(SOURCE MATERIAL)
○ ○ ○ ○

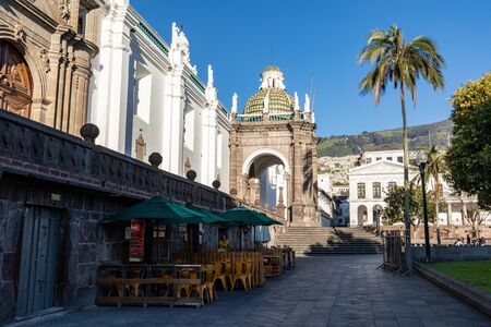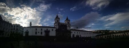 Quito, Ecuador. Central Plaza Catholic cathedral basilica San Francisco church in historic center.
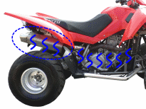 Выхлопная труба и двигатель сильно нагреваются при работе ATV в течение некоторого периода времени. Во избежание травм, не прикасайтесь к этим частям. Когда ATV припаркован, позаботьтесь, чтобы дети или прохожие не касались этих частей, чтобы избежать травм. Для уменьшения риска возникновения пожара не оставляйте ATV около сухих газонов или других легковоспламеняющихся предметов.
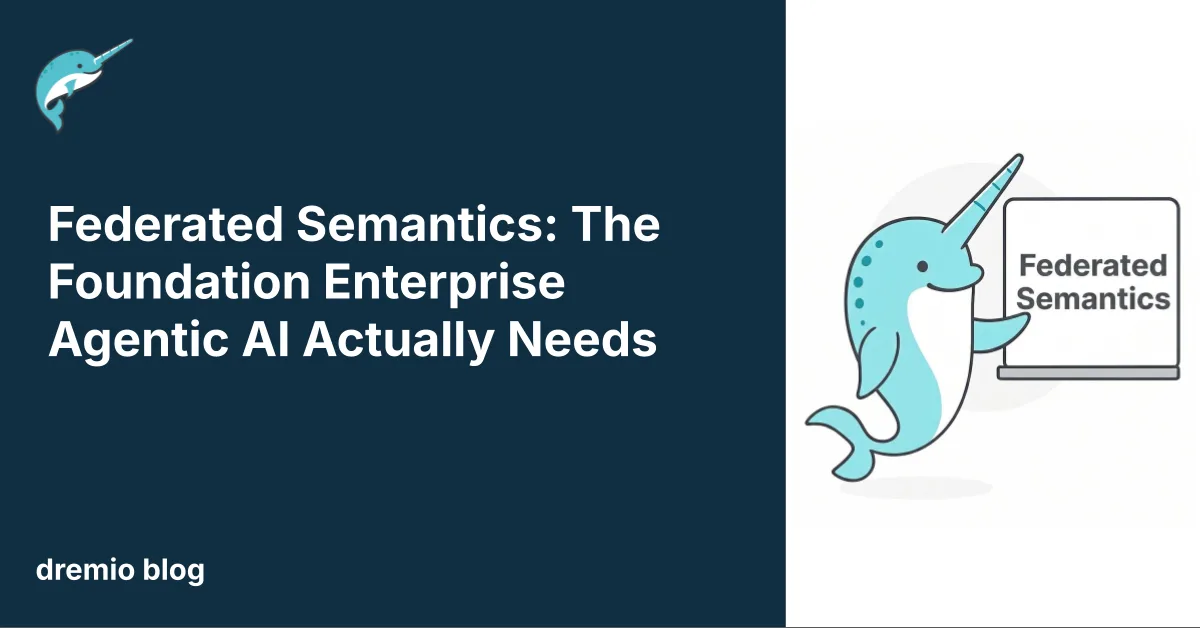 The AI Semantic Layer is where federated semantics lives in Dremio. Virtual datasets encode consistent business logic. Wikis and labels attach context to every table and column across every connected source. AI-generated metadata means the catalog becomes self-documenting over time, reducing the overhead of maintaining semantic coverage at scale. The result is a system where the AI reads business-ready data with business-meaningful context, whether that data is in an Iceberg table Dremio manages or a live query against a Salesforce object.
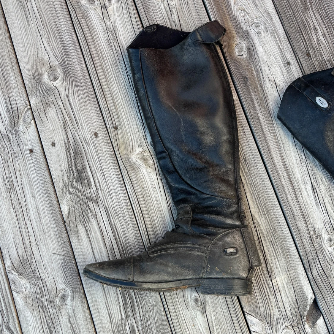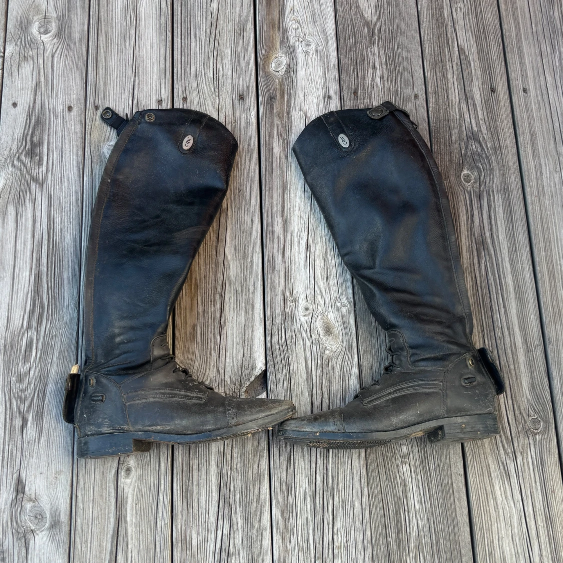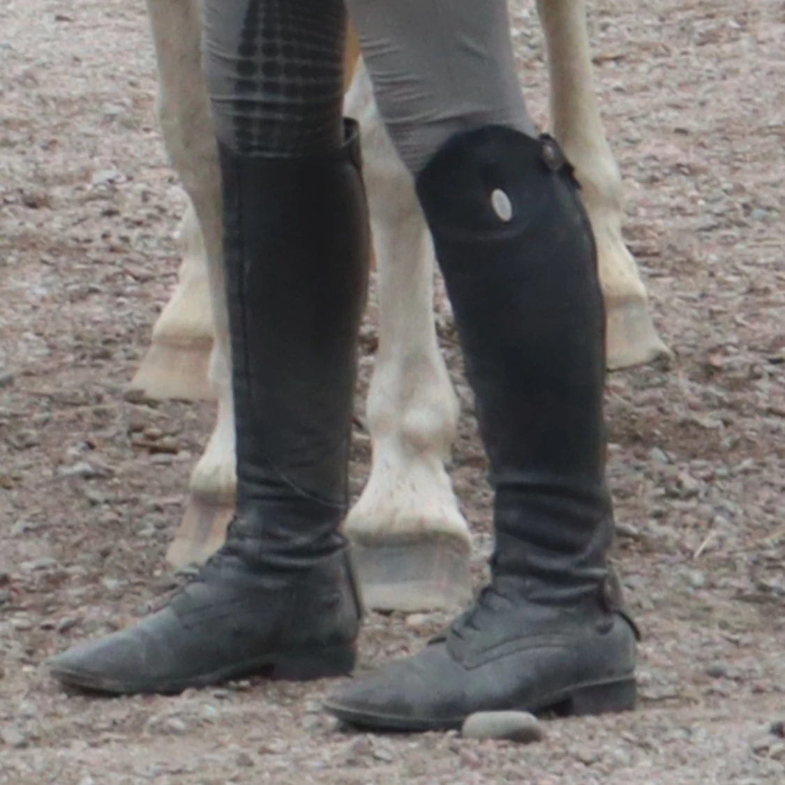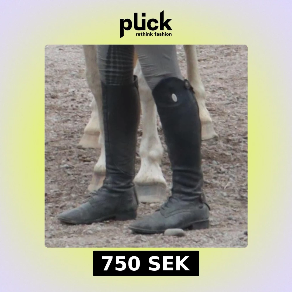 Säljer ett par klassiska svarta ridstövlar i skinn med snörning framtill och låg klack. Stövlarna har rund tå och dragkedja baktill för enkel påtagning. Perfekta för dig som rider och vill ha en stilren look i stallet. Nypris 1200kr mitt pris 750kr

○ ○ ○ ○

Exactly as written, repeat the lines of the material above from the first through the line holding "Выхлопная труба и", with both ends in the copy and no pictures.

 Quito, Ecuador. Central Plaza Catholic cathedral basilica San Francisco church in historic center.
 Выхлопная труба и двигатель сильно нагреваются при работе ATV в течение некоторого периода времени. Во избежание травм, не прикасайтесь к этим частям. Когда ATV припаркован, позаботьтесь, чтобы дети или прохожие не касались этих частей, чтобы избежать травм. Для уменьшения риска возникновения пожара не оставляйте ATV около сухих газонов или других легковоспламеняющихся предметов.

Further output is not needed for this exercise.